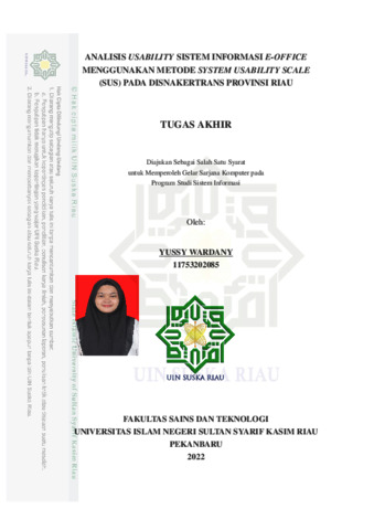 ANALISIS USABILITY SISTEM INFORMASI E-OFFICE MENGGUNAKAN METODE SYSTEM USABILITY SCALE (SUS) PADA DISNAKERTRANS PROVINSI RIAU YUSSY WARDANY NIM: 11753202085 Tanggal Sidang: 22 Juli 2022 Periode Wisuda: Program Studi Sistem Informasi Fakultas Sains dan Teknologi Universitas Islam Negeri Sultan Syarif Kasim Riau Jl. Soebrantas, No. 155, Pekanbaru ABSTRAK Dalam rangka menunjang pengembangan dan pelaksanaan e-government, Disnakertrans Provinsi Riau telah menerapkan e-office. Menu-menu yang terdapat pada e-office yaitu e-spj, e-absen, e-surat, e- izin, e-spt, e-agenda, dan e-cuti. Selama penerapan e-office tedapat kendala kesulitan ketika mengoperasikan e-office. Sehingga untuk pengurusan surat menyurat yang seharusnya bisa dilakukan melalui e-office belum bisa terealisasikan sebagaimana mestinya. Kendala lainnya yaitu menu e-cuti yang belum digunakan karena tidak sinkronnya penghitungan data cuti dari tahun-tahun sebelumnya. Tampilan dan settingan pada menu e-surat yang sulit dipahami dibagian pengaturan tulisan dan juga kop surat sehingga mengakibatkan pengguna e-office mengalami kesulitan dan menyebabkan e-office tidak berjalan dengan baik. Tujuan penelitian ini untuk mengetahui tingkat usability e-Office bagi pengguna di Disnak ertrans Provinsi Riau menggunakan metode System Usability Scale (SUS)dengan 10 pernyataan. Hasil pengukuran acceptability ranges sebesar 65,3. Artinya penerimaan e-office telah masuk ke dalam kategori tinggi atau Marginal High. Sedangkan penilaian pengukuran Grade Scale e-office tergolong bagian D dengan rating OK. Nilai pengukuran Percentile Rank masuk dalam huruf D yang artinya kurang sesuai dengan penilaian pengguna dari menggunakan e-office. Kata Kunci: E-government, E-office, System Usability Scale, Usability
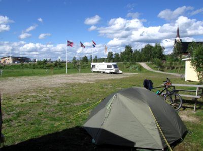 Der erste Eindruck der überwiegend von Samen bewohnten Siedlung ist zwiespältig. Die Häuser stehen wie lose über die Landschaft gestreut in der Tundra umher. Einen Ortskern gibt es auch hier nicht, was mich etwas besorgt, weil ich einen Geldautomaten brauche, um an Norwegische Kronen zu gelangen. Insgesamt wirkt Kautokeino trist und wenig einladend. Fast am anderen Ortsende finde ich schließlich ein Informationsbüro, wo ich nicht nur einen Internetzugang erhalte, sondern auch den Weg zur nächsten "Minibank" (= Geldautomat) gezeigt bekomme. Mit der Landeswährung ausgestattet, radele ich wieder zurück zum anderen Ende des Kaffs und quartiere mich im Campingplatz "Arctic Motel & Camping" ein.
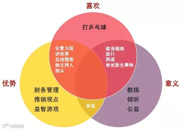 这个“喜欢”、“优势”和“意义”三环图,最值得关注的是三环交叉的中间部分,这是一个人既乐意去做,又觉得自己得心应手的领域,关键是,自己还特有成就感,这个交叉区域就是一个人的心声。人生目标迷失的时候,不妨做一下这个自测练习,找找自己的心声。
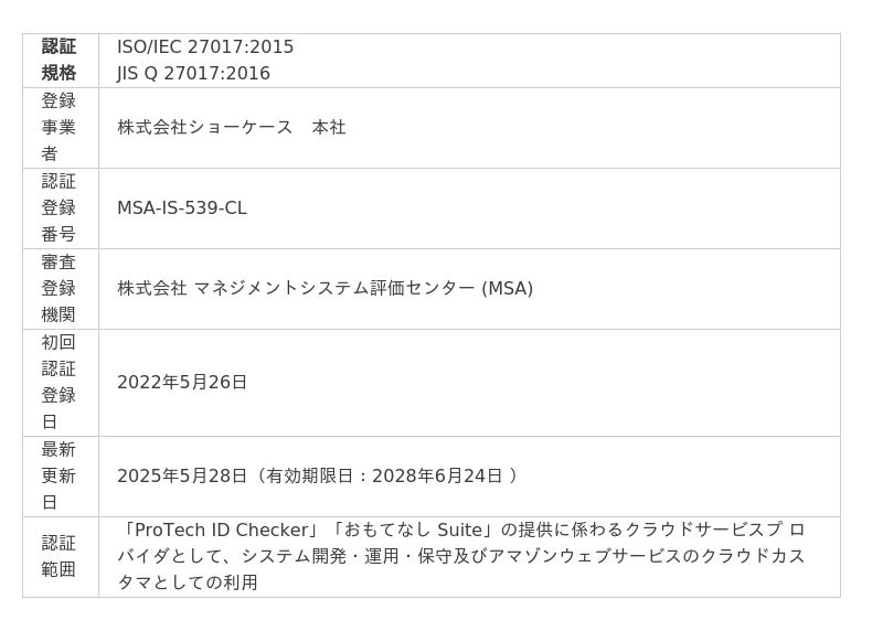 ショーケース、情報セキュリティマネジメントシステム(ISMS)の国際規格「ISO/IEC 27001」および「ISO/IEC 27017」の認証を更新
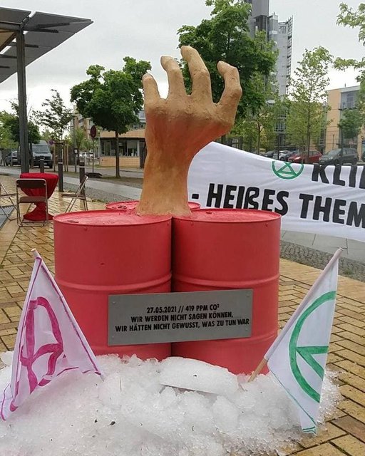 Zunächst besuchte uns eine Redakteurin der Nachrichtensendung mdr aktuell, um mehr über unsere Beweggründe zu erfahren. Dann versuchten wir die Intendantin Karola Wille zu erreichen, um zusammen mit ihr unser Denkmal zu enthüllen. Gegen Mittag kam schließlich eine Pressesprecherin des MDR zu unserer Aktion, der wir die Skulptur feierlich "überreichten". Das Denkmal zeigt eine Hand, die wie ertrinkend aus einem Sockel aus Ölfässern ragt, umgeben von einem Eishaufen. Auf dem Sockel ist eine Aufschrift angebracht, die sich mit dem folgenden Text an den MDR richtet:
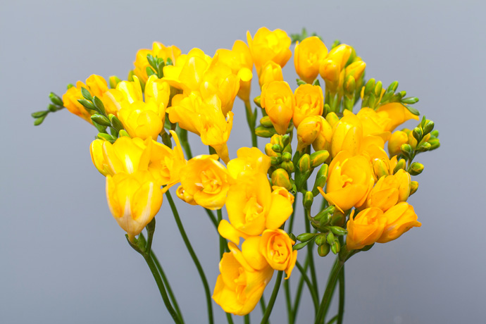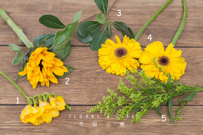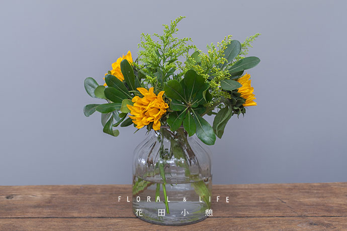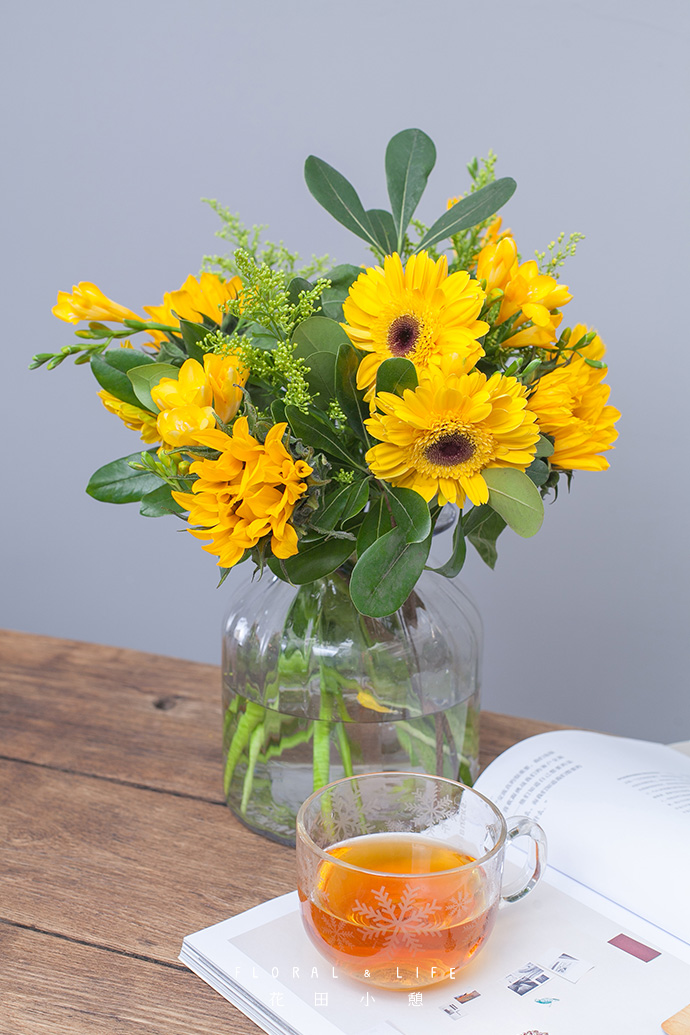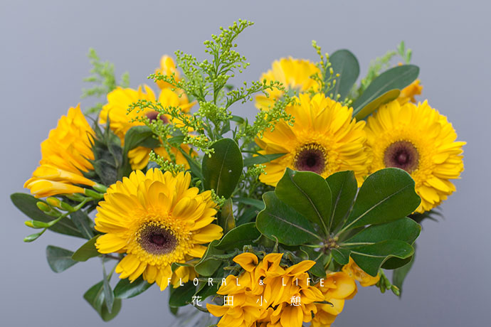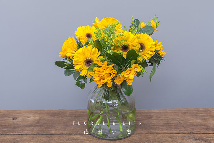向日葵、扶郎、香雪兰,同样色系的三种花材,各自洋溢着不一样的阳光清爽感。
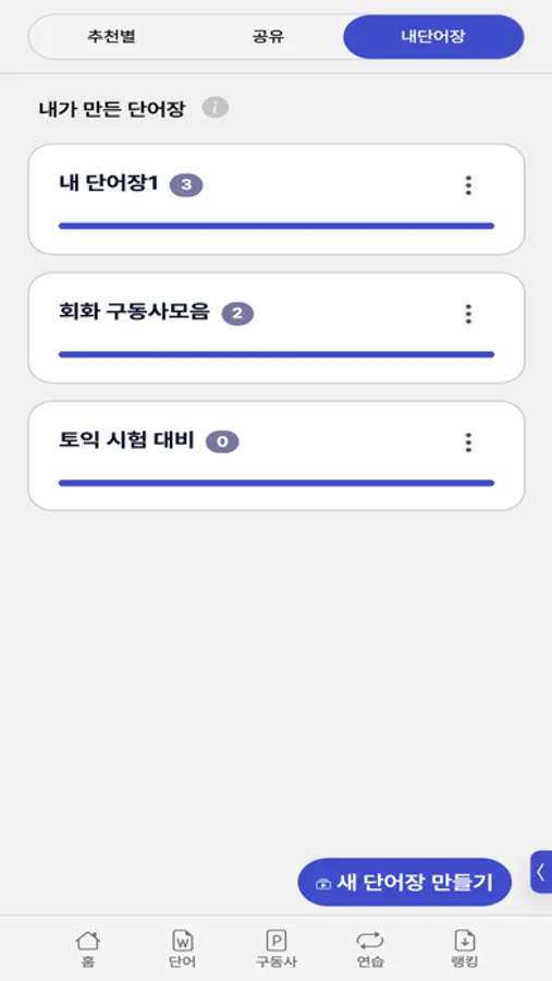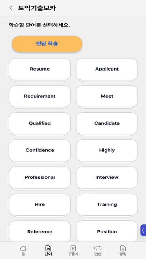 Later, you can randomly learn from the words you've added to your custom lists.
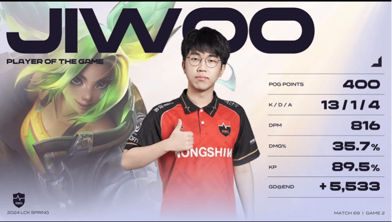 Jiwoo泽丽砍下13/1/4战绩,拿到NS对阵KT次局比赛MVP
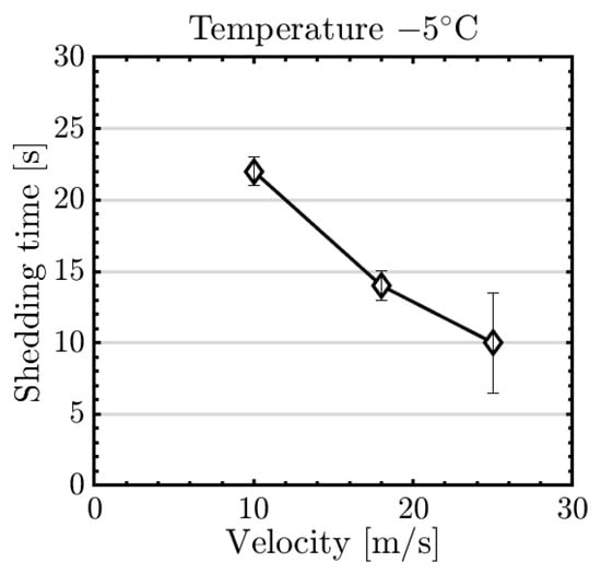The influence of the airspeed was tested at T = −5 °C on the parting strip system for three airspeeds v = [10, 18, 25 m/s]. The water flow rate of the droplet spray nozzles was kept constant, meaning that the LWC was coupled to the airspeed. The corresponding values for each airspeed are LWC = [0.96, 0.69, 0.44 g/m³]. The results (Figure 14) showed a clear trend of a decrease in de-icing time with increasing velocity. This is most likely related to the substantial increase in aerodynamic shedding forces at higher velocities. The aerodynamic forces are kinetic forces and are thus quadratically related to the airspeed [15]. This effect is dominating over secondary effects that would result in a tendency to decrease shedding times for lower airspeeds: first, the increase in LWC leads to larger ice accretions that may lead to a decrease shedding times due to increased drag. Second, the lower airspeeds lead to lower heat convection and thus more efficient heating from the IPS—although this effect might be offset by the higher LWC and larger ice thicknesses. Both these effects were likely subdued by the decrease in aerodynamic forces. In addition, we visually observed that more melting seemed to occur for the lower airspeeds compared to the higher airspeeds.
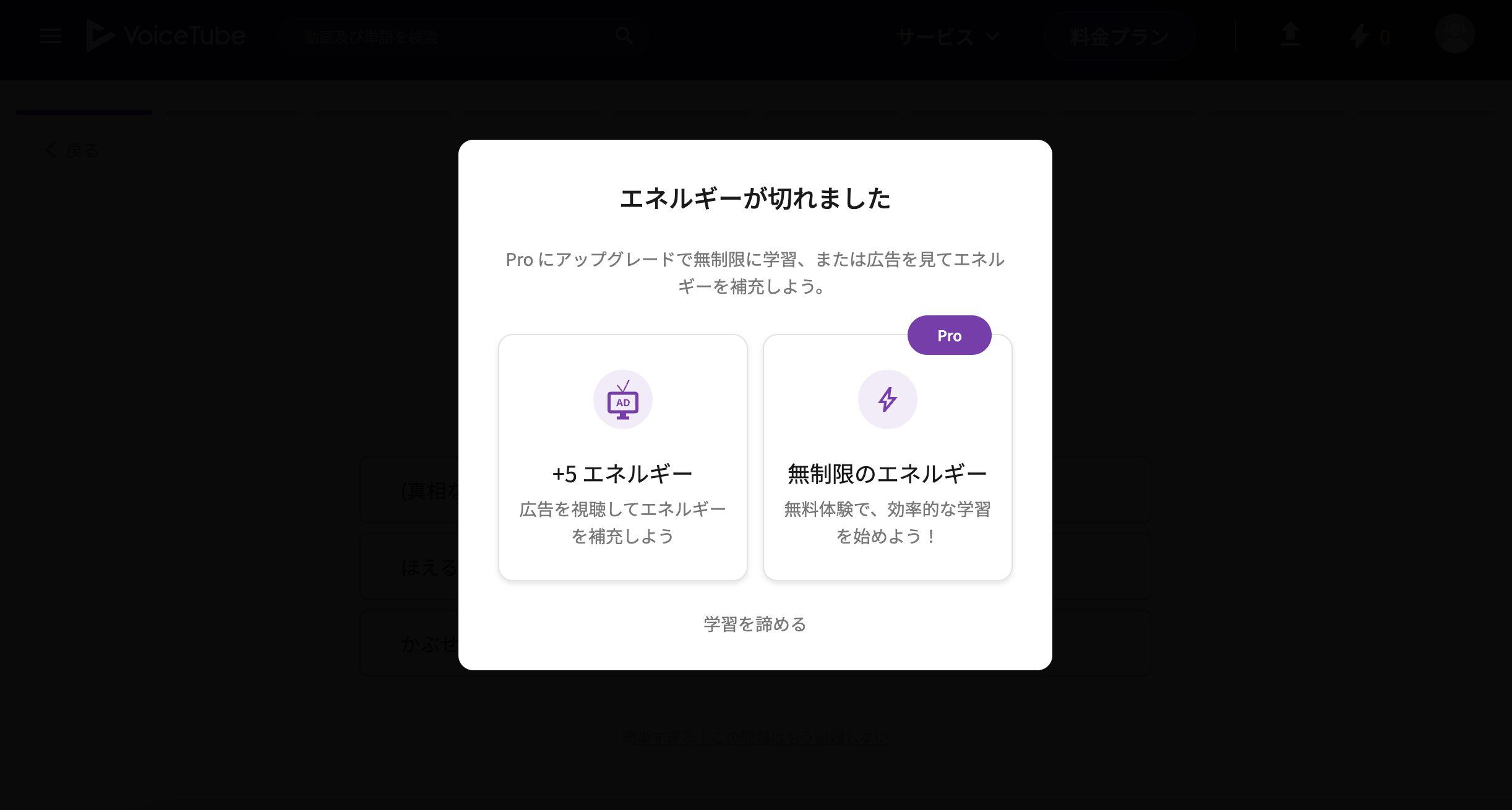「エネルギー」は、無料会員がVoiceTubeで利用できる共通リソースです。有料機能のロック解除、深い練習、そして妨げのない学習プロセスを楽しむのに役立ちます。

*****

• _About this exercise_: Every line above from the one with "Der erste Eindruck" down to the one with "Jiwoo泽丽砍下13/1/4战绩,拿到NS对阵KT次局比赛MVP" must be written out exactly, and no picture may appear.

• _Response for this exercise_:
 Der erste Eindruck der überwiegend von Samen bewohnten Siedlung ist zwiespältig. Die Häuser stehen wie lose über die Landschaft gestreut in der Tundra umher. Einen Ortskern gibt es auch hier nicht, was mich etwas besorgt, weil ich einen Geldautomaten brauche, um an Norwegische Kronen zu gelangen. Insgesamt wirkt Kautokeino trist und wenig einladend. Fast am anderen Ortsende finde ich schließlich ein Informationsbüro, wo ich nicht nur einen Internetzugang erhalte, sondern auch den Weg zur nächsten "Minibank" (= Geldautomat) gezeigt bekomme. Mit der Landeswährung ausgestattet, radele ich wieder zurück zum anderen Ende des Kaffs und quartiere mich im Campingplatz "Arctic Motel & Camping" ein.
 这个“喜欢”、“优势”和“意义”三环图,最值得关注的是三环交叉的中间部分,这是一个人既乐意去做,又觉得自己得心应手的领域,关键是,自己还特有成就感,这个交叉区域就是一个人的心声。人生目标迷失的时候,不妨做一下这个自测练习,找找自己的心声。
 ショーケース、情報セキュリティマネジメントシステム(ISMS)の国際規格「ISO/IEC 27001」および「ISO/IEC 27017」の認証を更新
 Zunächst besuchte uns eine Redakteurin der Nachrichtensendung mdr aktuell, um mehr über unsere Beweggründe zu erfahren. Dann versuchten wir die Intendantin Karola Wille zu erreichen, um zusammen mit ihr unser Denkmal zu enthüllen. Gegen Mittag kam schließlich eine Pressesprecherin des MDR zu unserer Aktion, der wir die Skulptur feierlich "überreichten". Das Denkmal zeigt eine Hand, die wie ertrinkend aus einem Sockel aus Ölfässern ragt, umgeben von einem Eishaufen. Auf dem Sockel ist eine Aufschrift angebracht, die sich mit dem folgenden Text an den MDR richtet:
向日葵、扶郎、香雪兰,同样色系的三种花材,各自洋溢着不一样的阳光清爽感。
 Later, you can randomly learn from the words you've added to your custom lists.
 Jiwoo泽丽砍下13/1/4战绩,拿到NS对阵KT次局比赛MVP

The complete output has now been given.